Also, Cobo's consecutive GT results are 10 - 1.
Doesn't seem so out of nowhere when you take the two years of bupkiss out, huh? Same goes for Froome, his progress looks less crazy when you take out the fact that he didn't finish a GT between May 2009 and September 2011 and his progress had been going backwards. If you just look at the GT results, Cobo has one of the most reasonable looking progressions of any GT winner in the last 20 years (starting at the edge of the top 20, winning a mountain stage before withdrawing from another, making the lower end of the top 10 with a stage win then progressing to victory), but when riders' other results are taken into account, a different image starts to emerge; taking just his GT results erases his completely abysmal 2010 season as he didn't enter one.
Also just listing DNFs without context makes things hard to take into account. After all, these are all top level GT racers, recording GT DNFs for a variety of reasons:
- Vincenzo Nibali is kicked out of the 2015 Vuelta for holding a car to get back to the bunch after crashing in the first road stage (no clues to his form can be drawn)

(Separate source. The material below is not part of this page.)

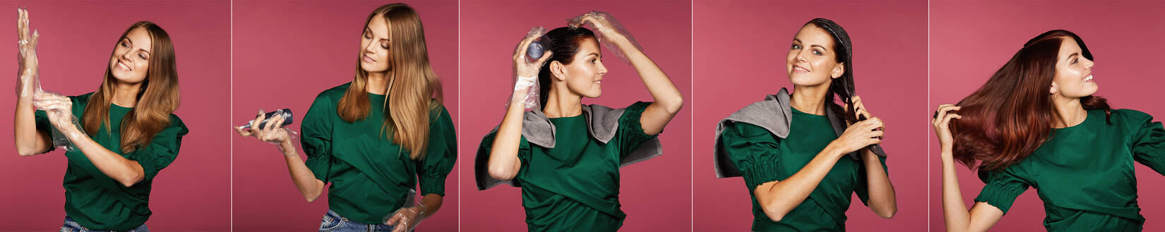 - Fordel farveblandingen jævnt i hele håret og massér grundigt ind. Anvendes i tørt og ikke nyvasket hår og fordeles fra rødderne til hårspidserne.
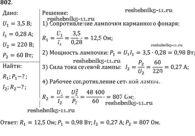 Готовая домашняя работа с ответами по Физике за 10, 11 класс Рымкевич Задачник УМК Дрофа 2013 ФГОС - Задачи 802

- myriad week 1 crashes (Valverde 2006, Contador 2016, Froome 2014, Wiggins 2011, Horner 2009) before we can really see how a rider is performing in a relevant stage
- Joseba Beloki crashes out of the 2003 Tour late in the first set of mountains after being one of the best climbers (clue to strong form, but crashing out)

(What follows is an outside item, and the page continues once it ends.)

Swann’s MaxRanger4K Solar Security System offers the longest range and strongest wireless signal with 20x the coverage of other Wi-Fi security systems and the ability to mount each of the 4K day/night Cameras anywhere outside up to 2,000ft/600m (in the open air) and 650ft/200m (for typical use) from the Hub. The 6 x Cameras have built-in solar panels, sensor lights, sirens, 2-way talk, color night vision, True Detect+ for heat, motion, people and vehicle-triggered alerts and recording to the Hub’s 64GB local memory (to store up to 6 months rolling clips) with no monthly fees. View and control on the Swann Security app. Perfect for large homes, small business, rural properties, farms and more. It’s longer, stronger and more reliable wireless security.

- Nairo Quintana crashes out of the 2014 Vuelta in the leader's jersey in the TT at the end of week 1 (likewise)
- Andy Schleck is thrown off the 2009 Vuelta for drinking (rider not taking race seriously so not a credible form guide)

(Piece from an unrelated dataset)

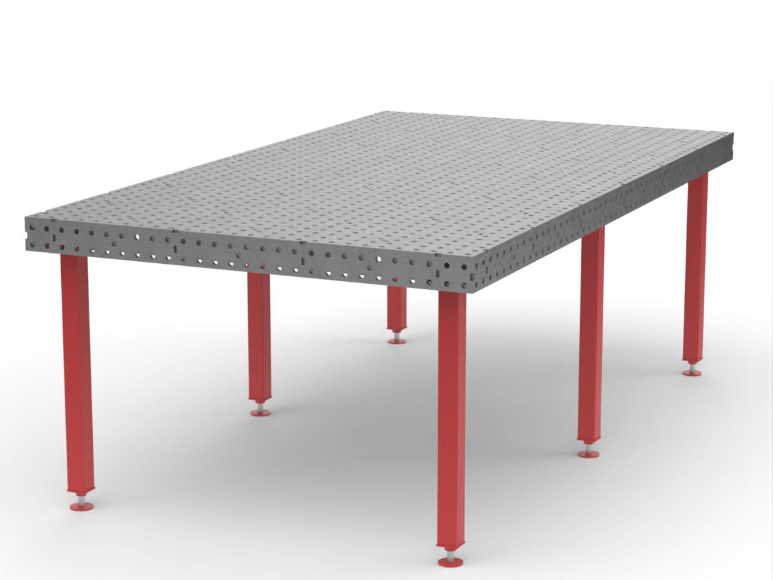 Сварочно-сборочный стол от Keepler-Stan предназначен для позиционирования и фиксации деталей и узлов металлических конструкций, а также для позиционирования роботизированной сварки. Усиленная ребрами жесткости столешница имеет отверстия диаметром 16мм и координатную сетку с шагом 50 мм для использования ее в качестве шаблона а так же нанесена линейка по длинной стороне стола для удобства позиционирования деталей. Толщина и высота ребер жесткости соответствует толщине столешницы и заявленной высоте боковой стенки. Допустимое отклонение по плоскости столешницы 1мм на 1 пог.м. стола. Высота стола 900мм, с возможностью регулировки 50 мм.

- Saunier Duval withdraw from 2008 Tour after doping scandals (riders may have been performing strongly, but in circumstances shady as hell)
- Bradley Wiggins withdraws from 2013 Giro after losing all nerve in the descents (rider may have had form but was not competitive for other reasons)
- Levi Leipheimer crashes out of the 2009 Tour in week 2 (in strong form but only a domestique so final result likely to be affected by that)
- Fränk Schleck withdraws from 2012 Giro in top 10 after 2 weeks (rider had form, but focus is on another race)
- Michael Rasmussen is pulled from the 2007 Tour by his team in week 3 for lying about his whereabouts (rider was on superb form and would almost certainly have won the race, but was doing so in shady circumstances and was pulled from the race as a result)
- Ilnur Zakarin crashes out of the 2016 Giro three stages from the finish, while on the attack while 5th on the GC (rider was on superb form and would likely have scored a very good final GC position)
- Chris Froome is thrown off the 2010 Giro three stages from the finish while lying lower than 100th in the GC (rider had very little form and was not going to be a GC relevance; DQ more about just trying to survive the race than to salvage anything à la Nibali)
With the exception of Froome's and Nibali's DQs, all of these will just simply be recorded as "DNF" if you take results alone into account. The cold result statement is effective in some respects but is not in others. For example, Froome managed 36th in the (original) 2009 Giro results. Barloworld had no real GC threat (Soler was essentially foraging alone) and Froome was mostly quiet, but got into a break in an intermediate stage or two that was allowed to go and gained him some time back. The same GC result was achieved by Quintana in the 2012 Vuelta, his first GT, and where he was allowed to drop time in week 1, and then by week 3 he was one of the top 3 climbers in the race, having to drop back to pull Valverde in that three-way duel, with the strong results in the second half of the race from climbing with the best pulling him up to that 36th in the GC. Two completely contrasting ways of reaching the same end (one working as a team player, dropping time then being with the elites working for his leader, the other having no real leader so stage hunting), which create different impressions in the heads of the viewers. I didn't leave the 2009 Giro thinking Froome was a potential GT winner, I thought of him as a promising stagehunter. I did, however, leave the 2012 Vuelta thinking Quintana was not just a potential but an almost nailed on GT winner.
For the record, I did a long comparison some time ago which reduced GT winners' GT performances down to the final GC results only, and the net result was that it made the likes of Wiggins and Hesjedal look the most bizarre, because they were so far down the GC before their transformations, as opposed to the puncheur-turned-goat riders like di Luca and Scarponi who always had a smattering of DNFs mixed in with decent GC results.